- Born: Daniil Klavdievich Stepanov 18 August 1881 Moscow, Russian Empire
- Died: 9 March 1937 (aged 55) Venice, Kingdom of Italy
- Known for: Painting

= Daniil Stepanov =

Russian artist (1881–1937)

Daniil Klavdievich Stepanov (August 18, 1881, Russian Empire, Moscow – March 9, 1937, Italy, Venice) was a painter, restorer, set designer and medalist, and author of the first Soviet circulation medal in honour of the second anniversary of the October Revolution.

== Biography ==

=== Early life ===

Son of academician Klavdiy Petrovich Stepanov (1854-1910). He was the brother of restoration artist Pyotr Stepanov. After 1894, he travelled around Europe, lived in Paris, studied at the Sorbonne, and took lessons from French medalists. In 1902, he married Roma Travaglino in Rome.

In 1902, he returned with his family to Moscow, where he helped his father restore the Kremlin. From 1913, he became the chief medalist of the Imperial Mint in St. Petersburg.

For the 1st anniversary of the revolution, he performed the festive decor of the Chernyshev Bridge, and for the second anniversary, he performed the first Soviet circulation medal.

=== After revolution ===

From 1919 to 1924, he served as deputy chairman of the Department for Museum Affairs in Petrograd. The Cheka arrested him on charges of anti-Soviet activities.

Having been released thanks to the petition of Lunacharsky, he went to Penza, where he taught at the Art School.
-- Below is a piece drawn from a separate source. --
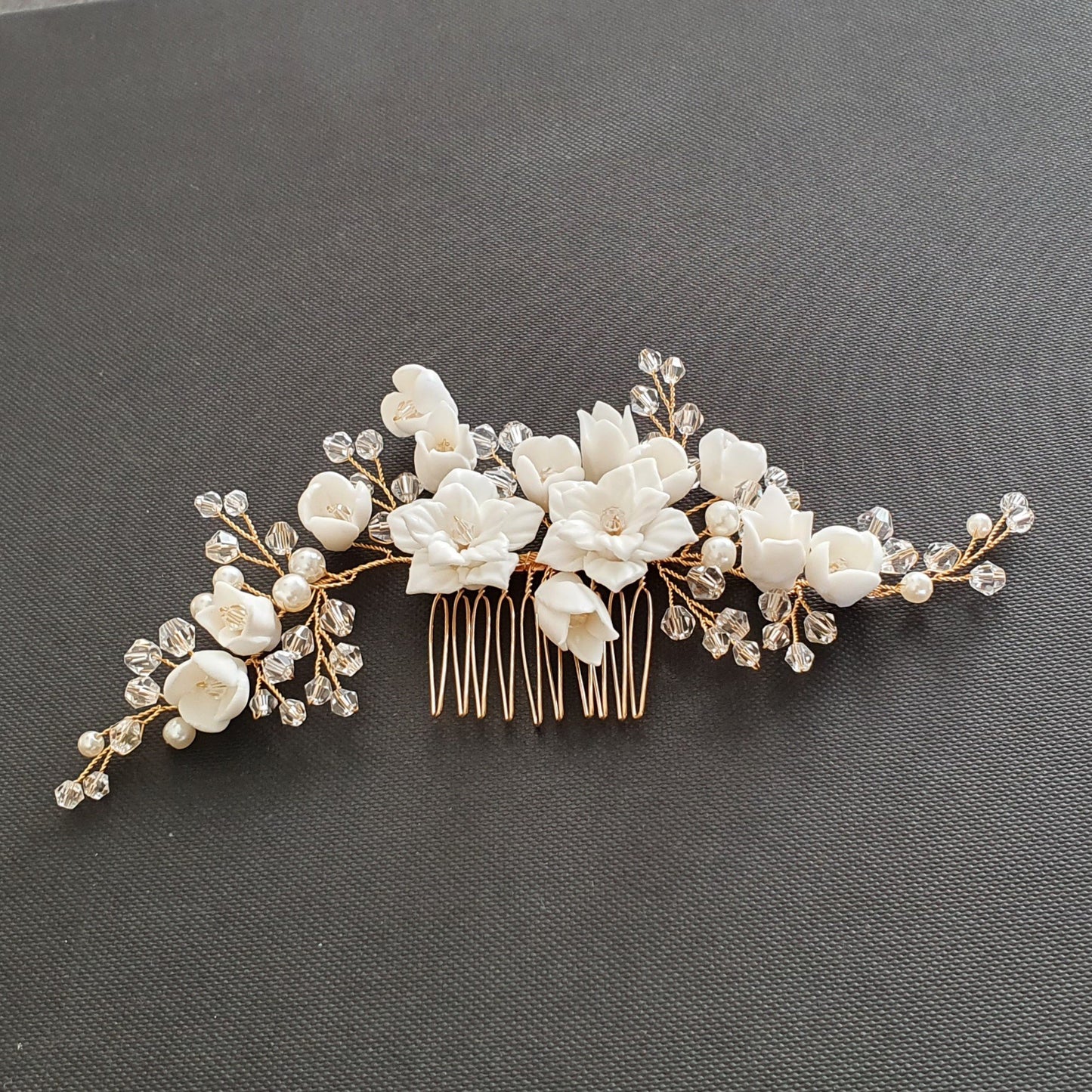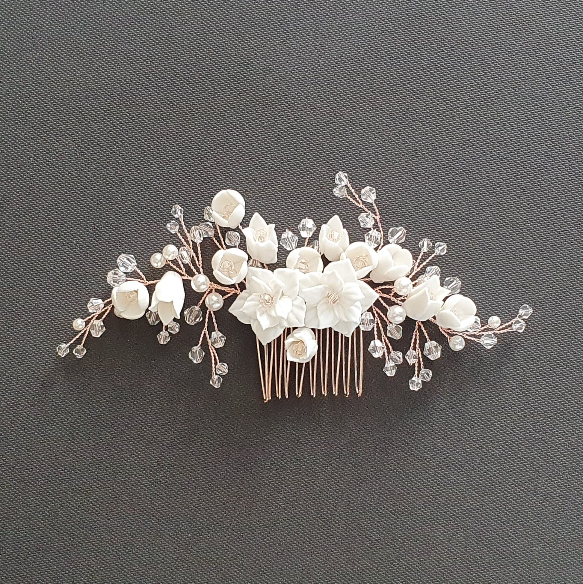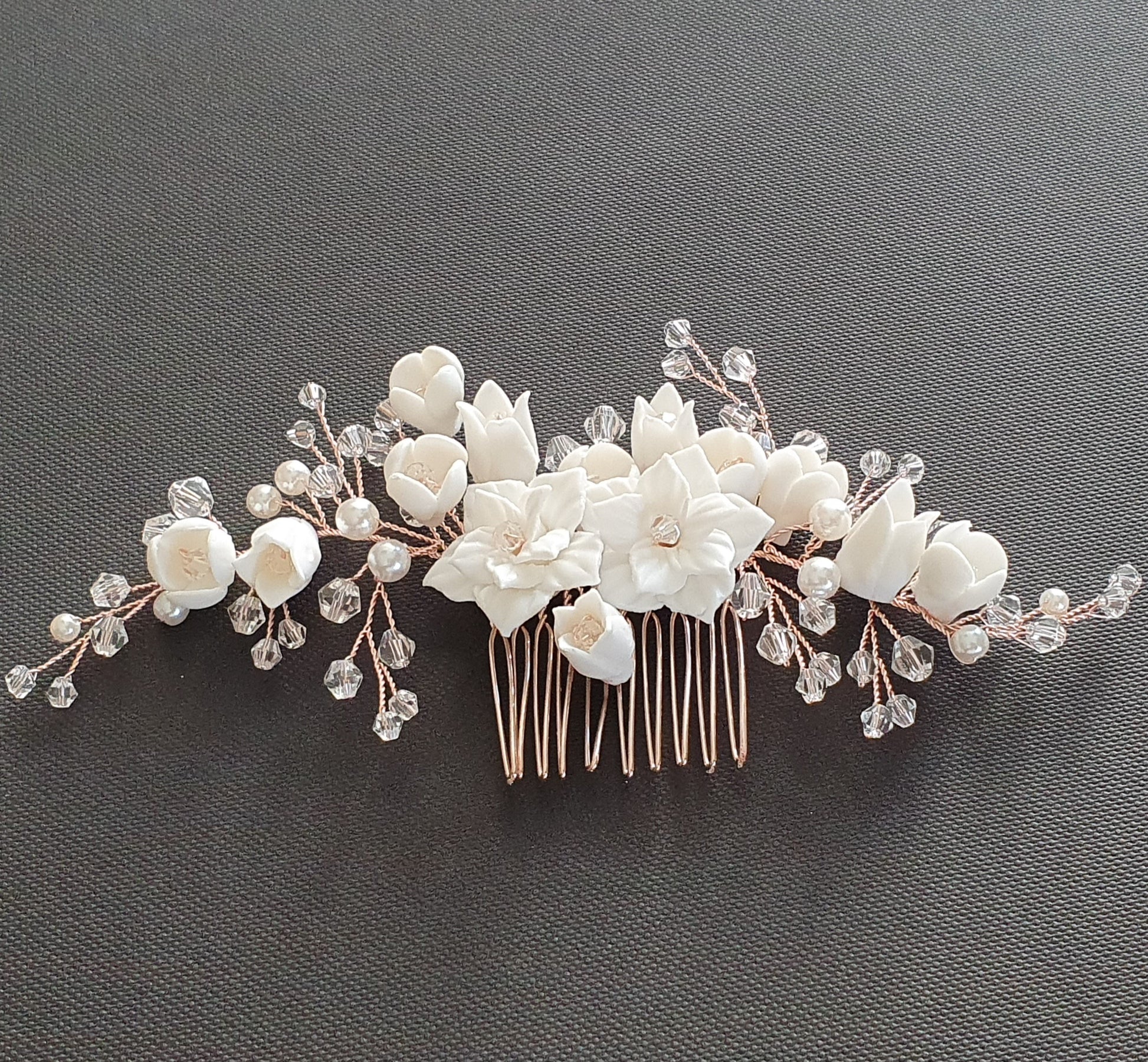 This vine hair comb in silver is delicate and elegant. The hair comb is made with porcelain white flowers and crystal beads. The combination of small and big flowers white porcelain flowers are wire wrapped on a silver comb with silver wire sparsely dotted with few pearls.

In 1920, he joined the Commission for the Preservation of Monuments of Samarkand, travelled to Turkestan, and was engaged in sketches and photography of ethnographic material. Together with Alexey Isupov, Alexander Volkov and Alexander Nikolaev (Usto Mumin), he influenced the formation of a distinctive art school in Turkestan.

In 1924, he became a medalist at the Petrograd Mint. In 1925 he went on a business trip to the mints in Paris and Rome to familiarize himself with new copying and engraving equipment. He did not return to Russia.

=== In immigration ===

He taught for some time in Paris, one of his students was B. F. Chaliapin. At the end of 1925 he moved to Rome, studied at the Roman Academy of Arts, specializing in the restoration of works of the Renaissance, and was involved in the restoration of paintings by Raphael, Titian, Piero della Francesca and Andrea Mantegna.
He executed several commissioned works In Umbria, in particular, the triptych "Holy Family" for the right wing of the main altar of the church of Sant'Andrea in Orvieto and the decoration of the main entrance of the Villa delle Grazie in Narni on the subject of the Annunciation.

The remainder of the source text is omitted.